Supplied data:
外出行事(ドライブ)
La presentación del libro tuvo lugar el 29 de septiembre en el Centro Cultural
* * *
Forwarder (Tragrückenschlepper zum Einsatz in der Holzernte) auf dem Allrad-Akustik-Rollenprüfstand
* * *
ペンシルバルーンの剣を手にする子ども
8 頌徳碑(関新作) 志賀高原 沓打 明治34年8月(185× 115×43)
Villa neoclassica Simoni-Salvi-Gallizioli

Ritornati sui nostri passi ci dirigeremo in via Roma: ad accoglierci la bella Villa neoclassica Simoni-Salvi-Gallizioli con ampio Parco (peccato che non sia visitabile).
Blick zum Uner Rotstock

Brief:
Using the records above, find and show each line with the string "Gallizioli".

Exercise solution:
Villa neoclassica Simoni-Salvi-Gallizioli
Ritornati sui nostri passi ci dirigeremo in via Roma: ad accoglierci la bella Villa neoclassica Simoni-Salvi-Gallizioli con ampio Parco (peccato che non sia visitabile).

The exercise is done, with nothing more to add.